- ABOUT THIS TASK
Copy, with no pictures, the line that contains "公司的业务规模在全国金属包装" and each line after it down to the end of the entries below, exactly.

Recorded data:
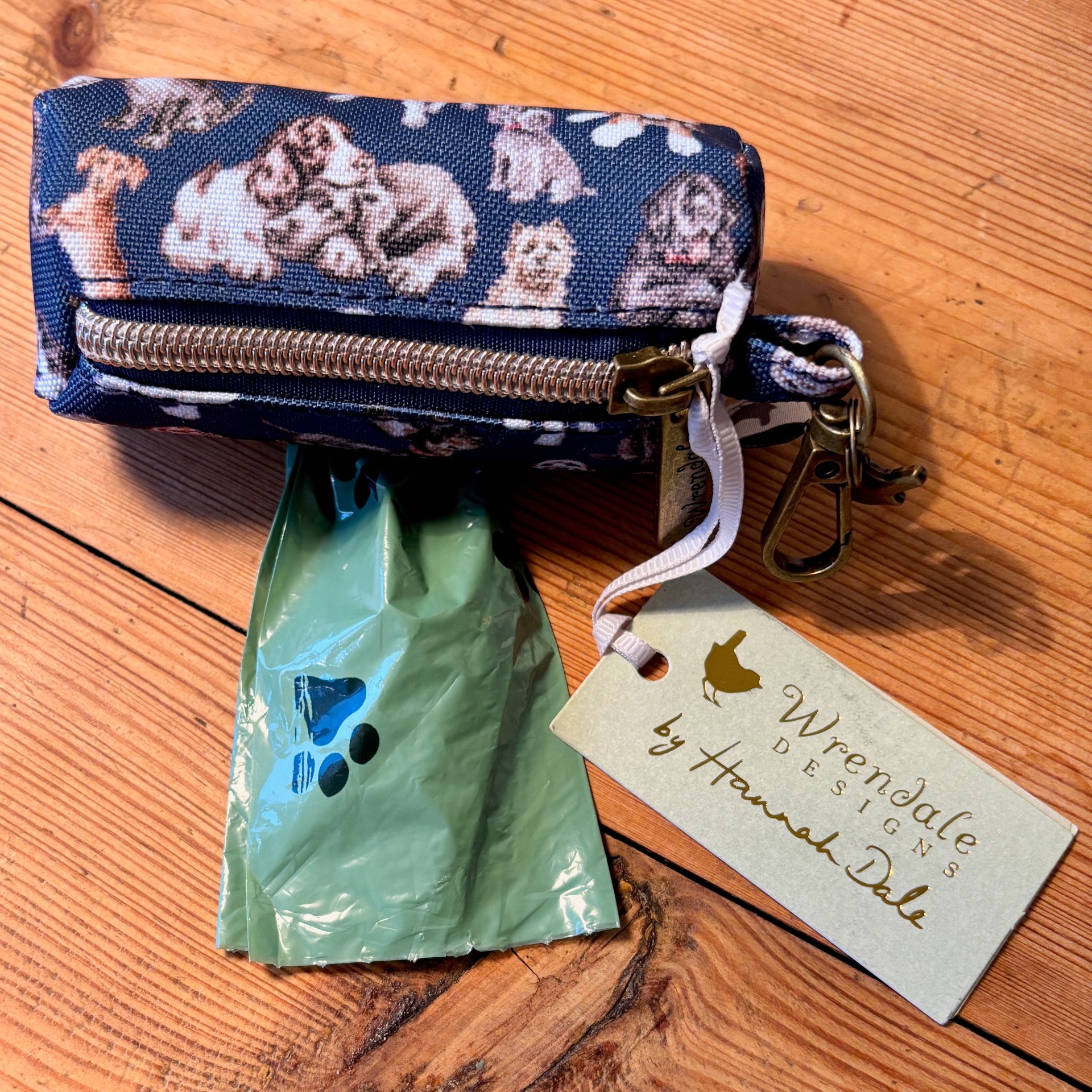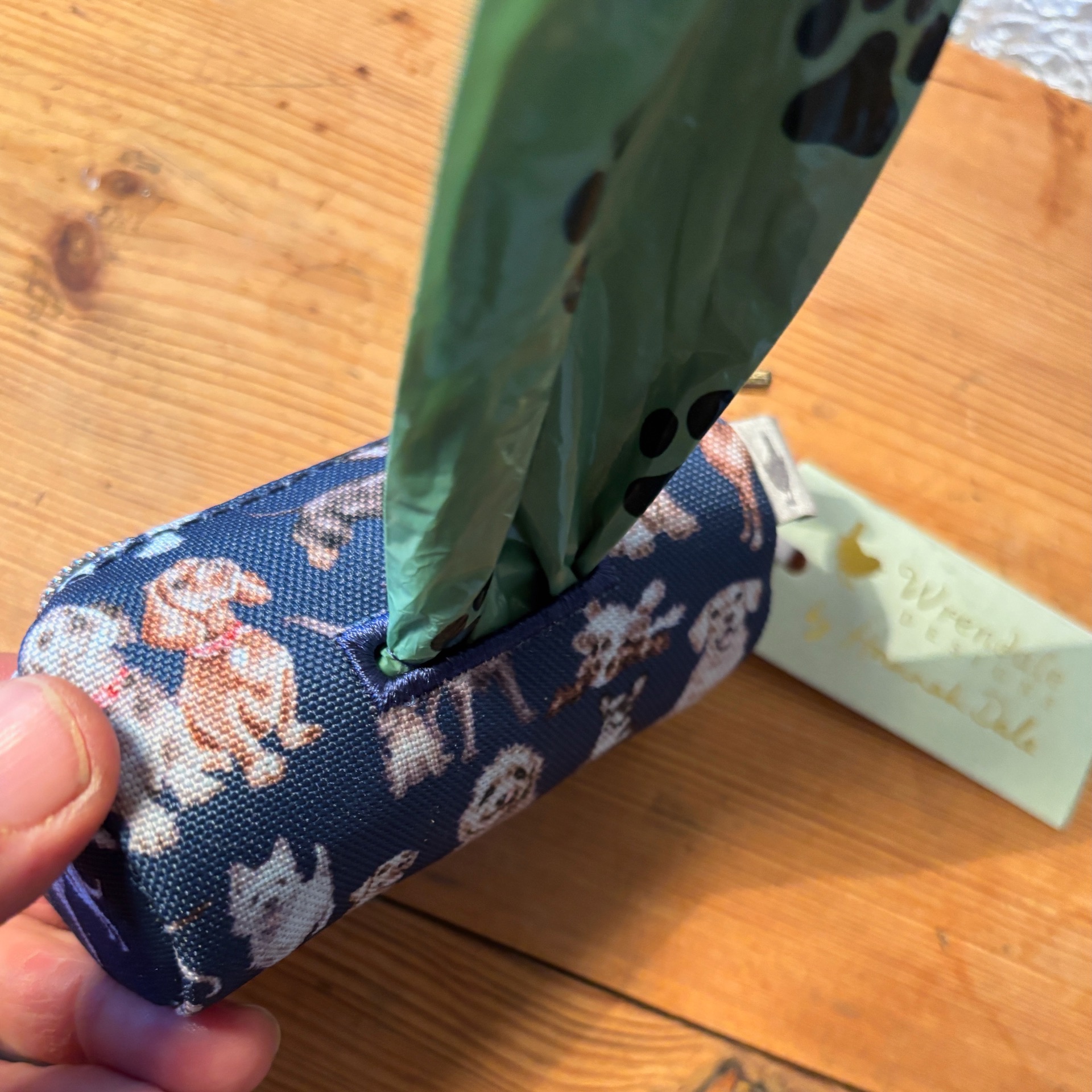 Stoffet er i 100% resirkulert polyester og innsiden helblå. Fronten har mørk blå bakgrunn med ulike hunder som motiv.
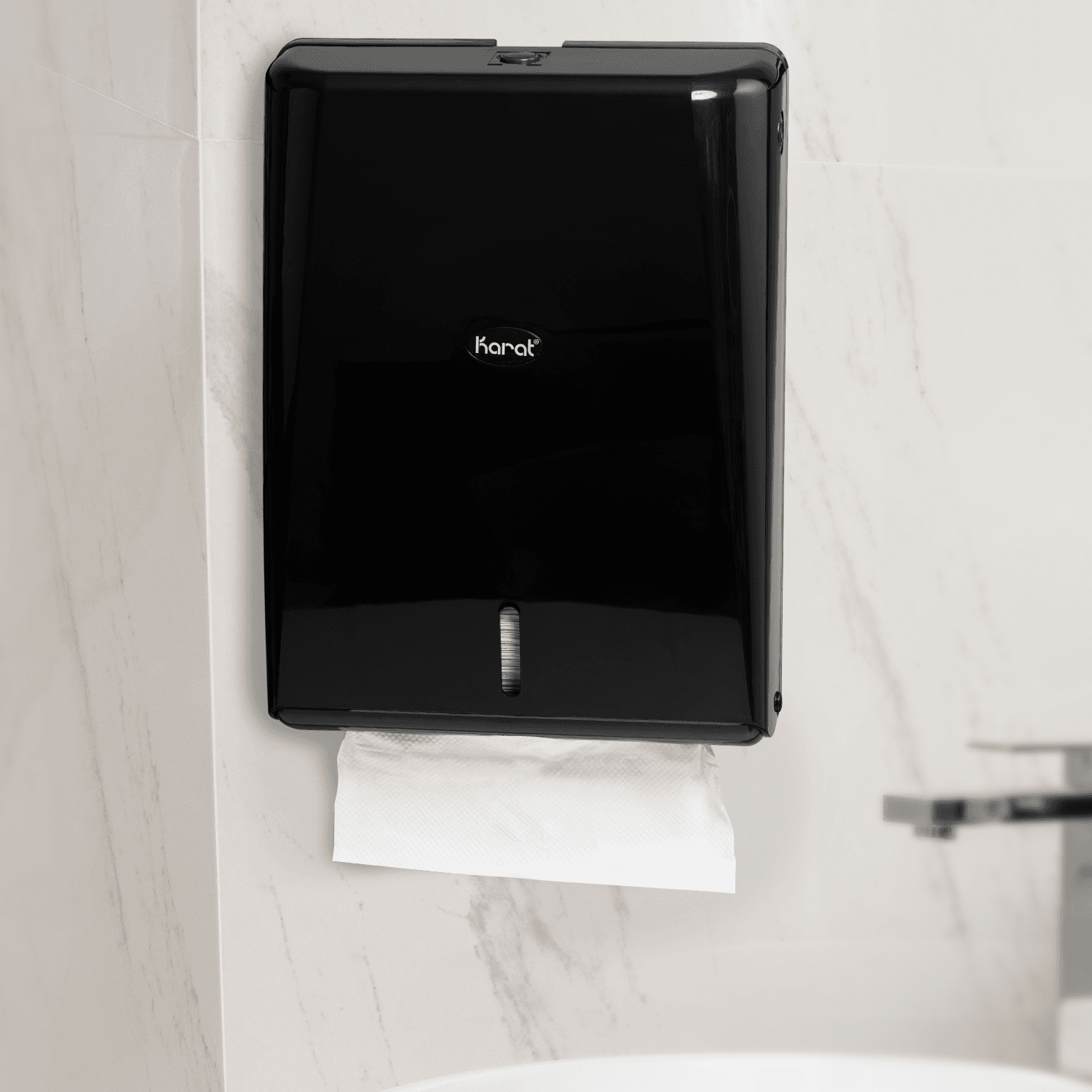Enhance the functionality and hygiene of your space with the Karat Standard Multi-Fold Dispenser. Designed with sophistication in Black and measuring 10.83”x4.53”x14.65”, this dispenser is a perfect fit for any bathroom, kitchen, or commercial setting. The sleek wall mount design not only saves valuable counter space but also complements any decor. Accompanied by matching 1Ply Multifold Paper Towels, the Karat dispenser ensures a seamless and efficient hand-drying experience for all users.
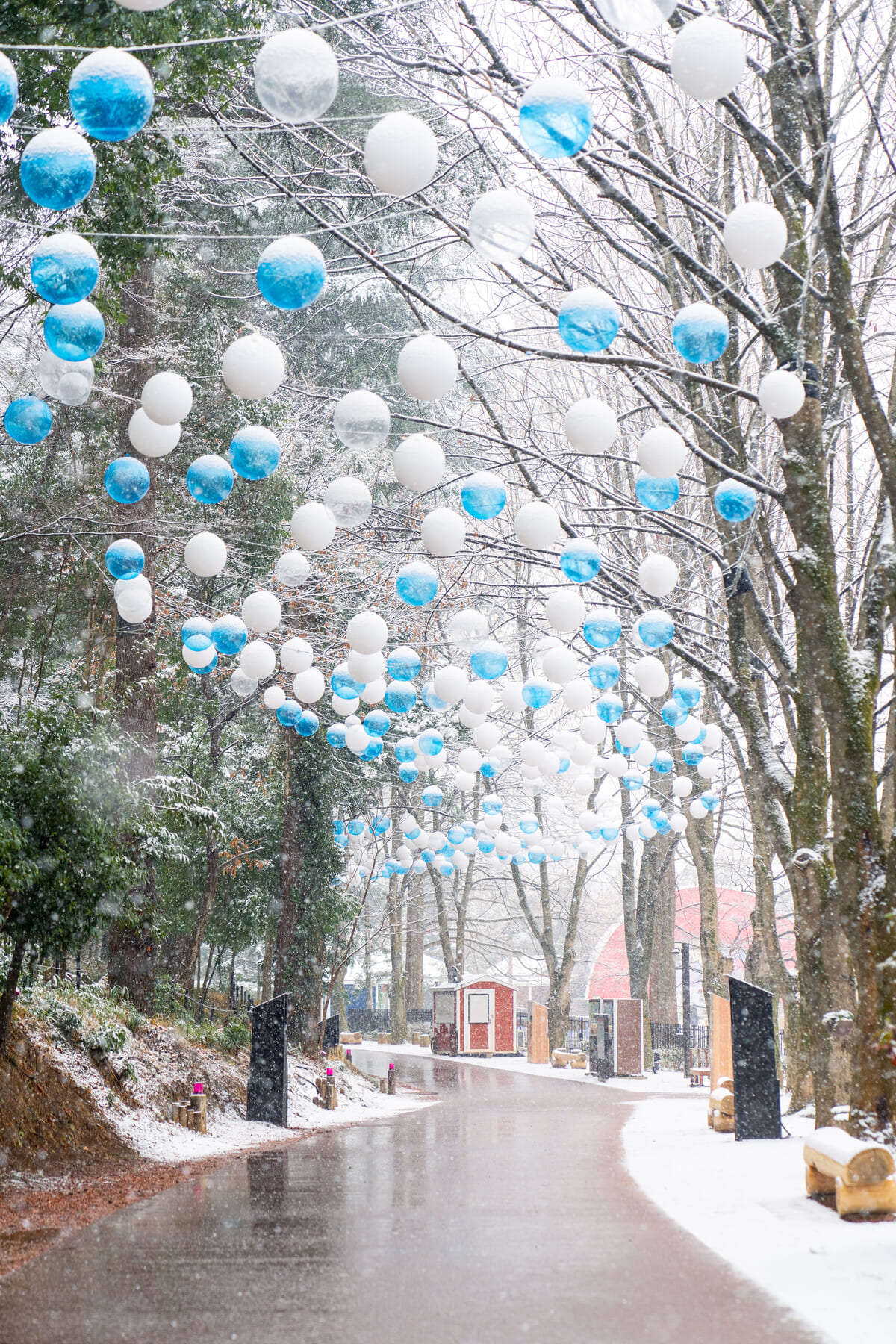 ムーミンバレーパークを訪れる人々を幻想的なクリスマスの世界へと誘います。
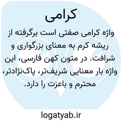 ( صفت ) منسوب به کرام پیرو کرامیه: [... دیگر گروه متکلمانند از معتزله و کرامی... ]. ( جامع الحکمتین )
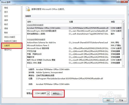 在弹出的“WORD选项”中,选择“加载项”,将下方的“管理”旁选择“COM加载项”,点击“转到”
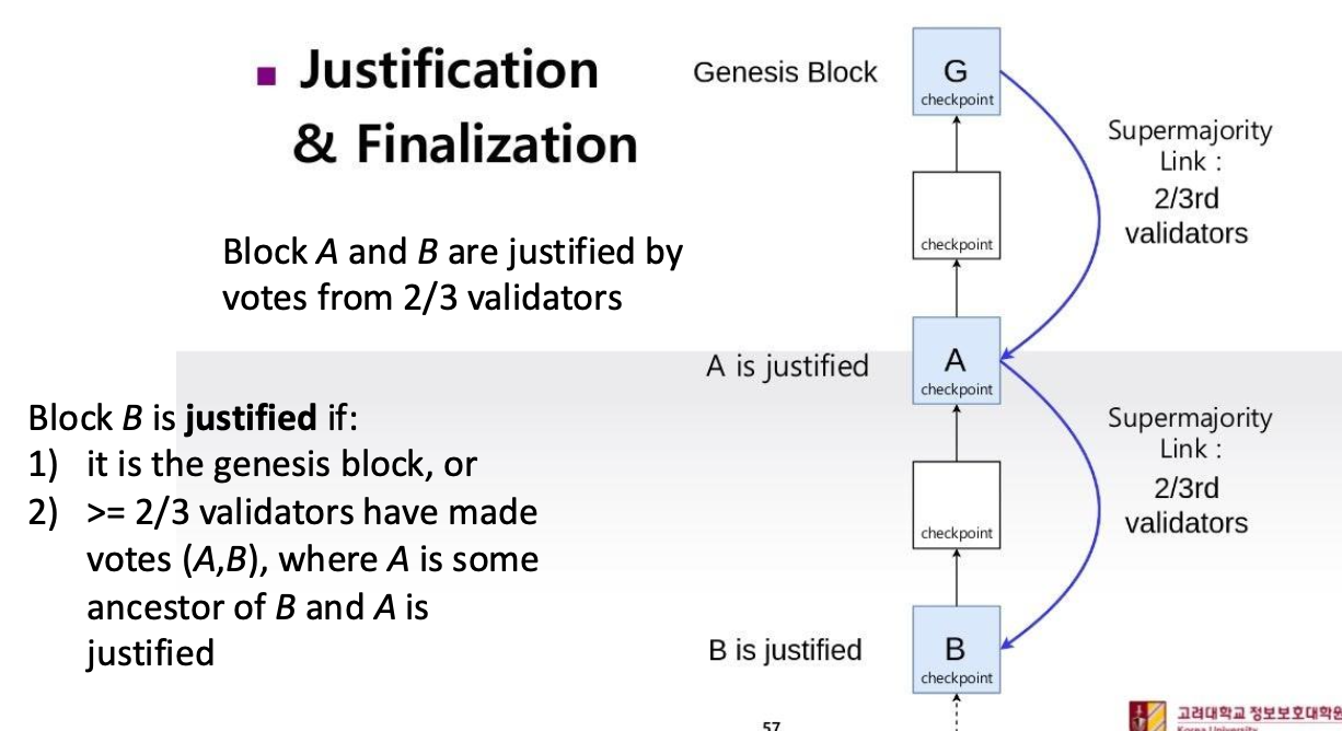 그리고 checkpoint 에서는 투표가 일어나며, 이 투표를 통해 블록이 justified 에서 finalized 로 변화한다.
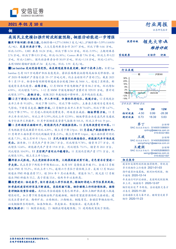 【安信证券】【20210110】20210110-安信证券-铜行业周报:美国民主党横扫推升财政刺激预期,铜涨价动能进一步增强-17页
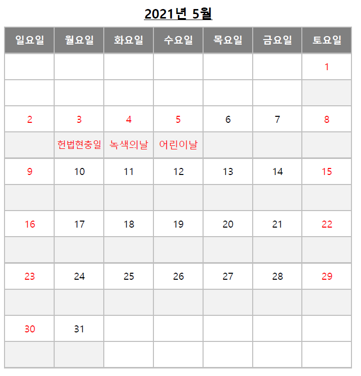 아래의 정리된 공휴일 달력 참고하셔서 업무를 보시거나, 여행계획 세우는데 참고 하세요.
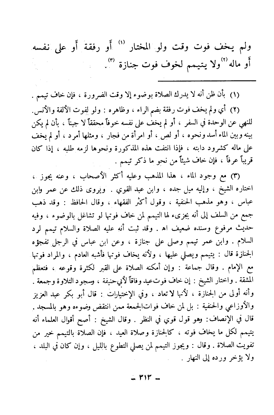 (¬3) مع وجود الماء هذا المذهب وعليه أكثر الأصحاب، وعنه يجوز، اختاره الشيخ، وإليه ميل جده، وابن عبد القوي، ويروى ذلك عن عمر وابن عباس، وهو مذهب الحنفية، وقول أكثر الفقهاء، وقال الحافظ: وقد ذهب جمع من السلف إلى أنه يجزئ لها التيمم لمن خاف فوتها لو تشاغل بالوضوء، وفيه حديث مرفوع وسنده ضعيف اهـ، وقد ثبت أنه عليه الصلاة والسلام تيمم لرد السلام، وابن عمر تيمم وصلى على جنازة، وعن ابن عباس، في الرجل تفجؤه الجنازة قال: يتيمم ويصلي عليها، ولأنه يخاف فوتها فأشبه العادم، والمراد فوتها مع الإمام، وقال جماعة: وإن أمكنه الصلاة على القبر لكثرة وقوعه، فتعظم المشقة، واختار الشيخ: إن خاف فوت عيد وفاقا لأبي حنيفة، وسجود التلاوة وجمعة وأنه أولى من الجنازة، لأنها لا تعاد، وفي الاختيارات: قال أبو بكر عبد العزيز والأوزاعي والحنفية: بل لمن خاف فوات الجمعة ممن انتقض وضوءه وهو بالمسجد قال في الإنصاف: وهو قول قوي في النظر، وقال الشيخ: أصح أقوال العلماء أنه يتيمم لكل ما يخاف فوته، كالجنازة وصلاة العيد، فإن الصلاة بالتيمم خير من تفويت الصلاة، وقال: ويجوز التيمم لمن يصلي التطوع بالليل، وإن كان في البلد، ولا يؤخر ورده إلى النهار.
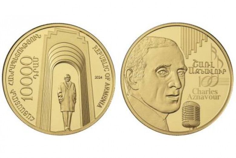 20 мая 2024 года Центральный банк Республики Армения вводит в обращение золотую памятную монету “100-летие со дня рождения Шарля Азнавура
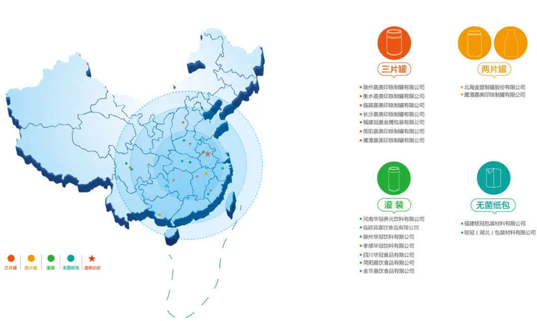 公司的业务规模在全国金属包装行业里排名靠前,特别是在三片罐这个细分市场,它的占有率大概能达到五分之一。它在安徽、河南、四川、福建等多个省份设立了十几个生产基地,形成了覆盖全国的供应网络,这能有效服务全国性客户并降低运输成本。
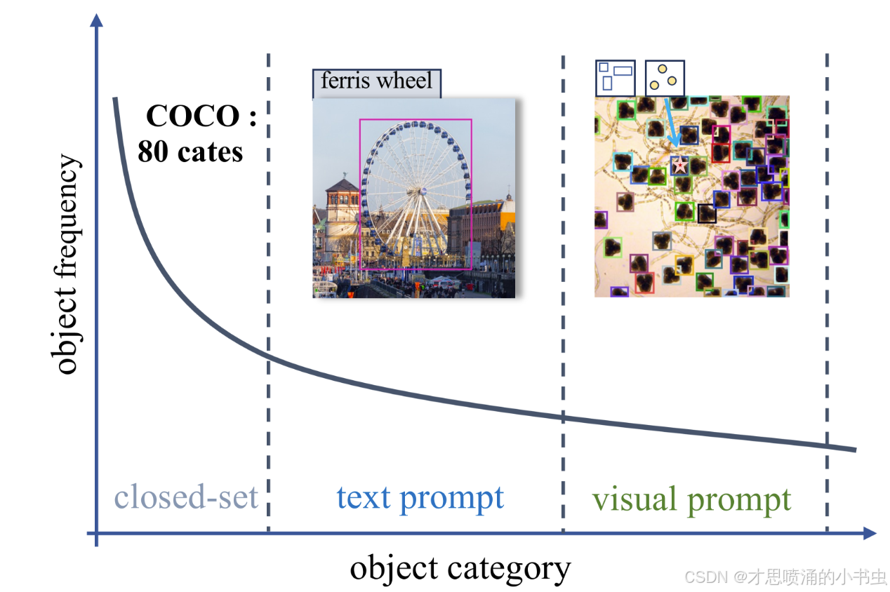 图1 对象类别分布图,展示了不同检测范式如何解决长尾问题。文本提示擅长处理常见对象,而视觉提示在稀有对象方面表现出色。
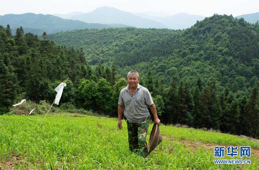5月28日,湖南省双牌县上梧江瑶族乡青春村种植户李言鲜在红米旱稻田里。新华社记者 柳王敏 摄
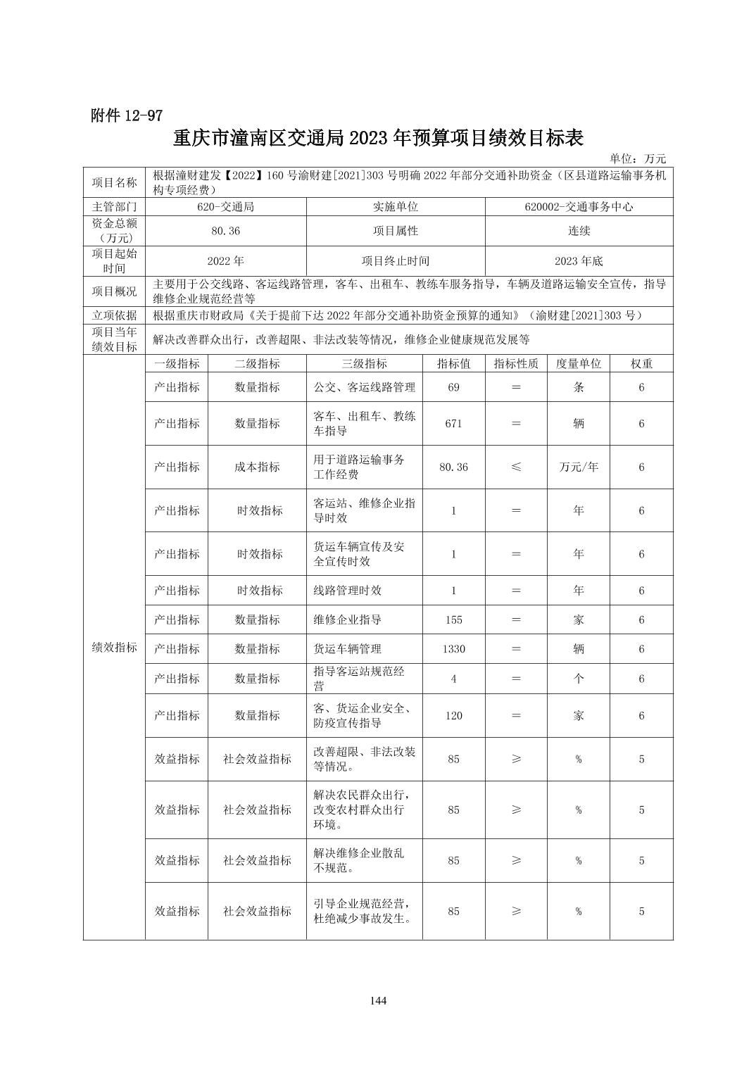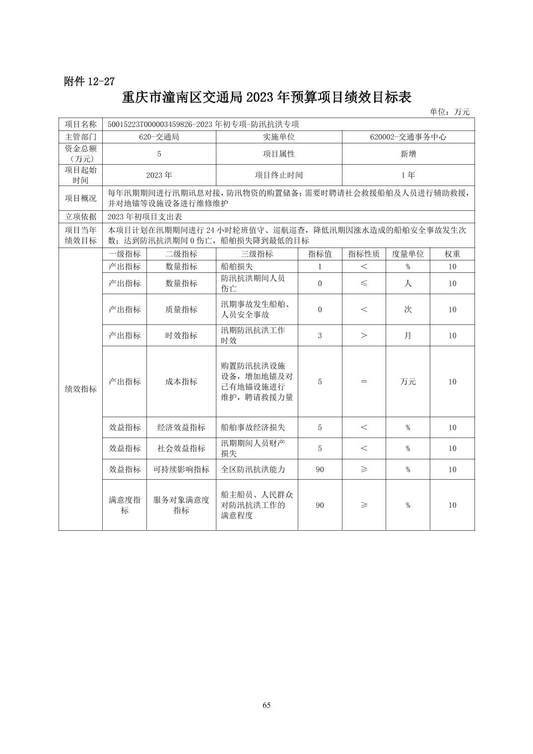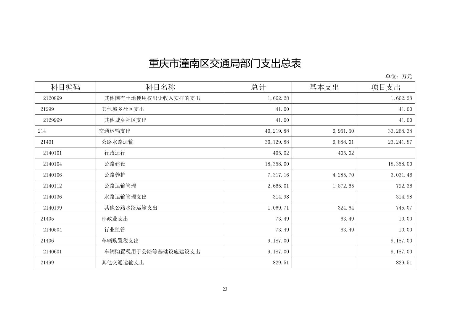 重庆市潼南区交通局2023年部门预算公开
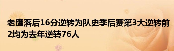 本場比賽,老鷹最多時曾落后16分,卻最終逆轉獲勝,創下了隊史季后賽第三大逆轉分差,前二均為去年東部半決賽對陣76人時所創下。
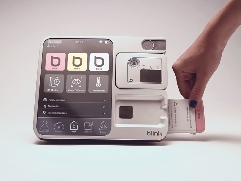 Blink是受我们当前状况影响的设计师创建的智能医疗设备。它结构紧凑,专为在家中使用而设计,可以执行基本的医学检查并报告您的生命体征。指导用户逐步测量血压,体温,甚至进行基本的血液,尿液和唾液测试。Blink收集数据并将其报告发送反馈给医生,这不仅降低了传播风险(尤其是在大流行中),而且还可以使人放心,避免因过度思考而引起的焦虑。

- ANSWER TO THIS TASK
 公司的业务规模在全国金属包装行业里排名靠前,特别是在三片罐这个细分市场,它的占有率大概能达到五分之一。它在安徽、河南、四川、福建等多个省份设立了十几个生产基地,形成了覆盖全国的供应网络,这能有效服务全国性客户并降低运输成本。
 图1 对象类别分布图,展示了不同检测范式如何解决长尾问题。文本提示擅长处理常见对象,而视觉提示在稀有对象方面表现出色。
5月28日,湖南省双牌县上梧江瑶族乡青春村种植户李言鲜在红米旱稻田里。新华社记者 柳王敏 摄
 重庆市潼南区交通局2023年部门预算公开
 本場比賽,老鷹最多時曾落后16分,卻最終逆轉獲勝,創下了隊史季后賽第三大逆轉分差,前二均為去年東部半決賽對陣76人時所創下。
 Blink是受我们当前状况影响的设计师创建的智能医疗设备。它结构紧凑,专为在家中使用而设计,可以执行基本的医学检查并报告您的生命体征。指导用户逐步测量血压,体温,甚至进行基本的血液,尿液和唾液测试。Blink收集数据并将其报告发送反馈给医生,这不仅降低了传播风险(尤其是在大流行中),而且还可以使人放心,避免因过度思考而引起的焦虑。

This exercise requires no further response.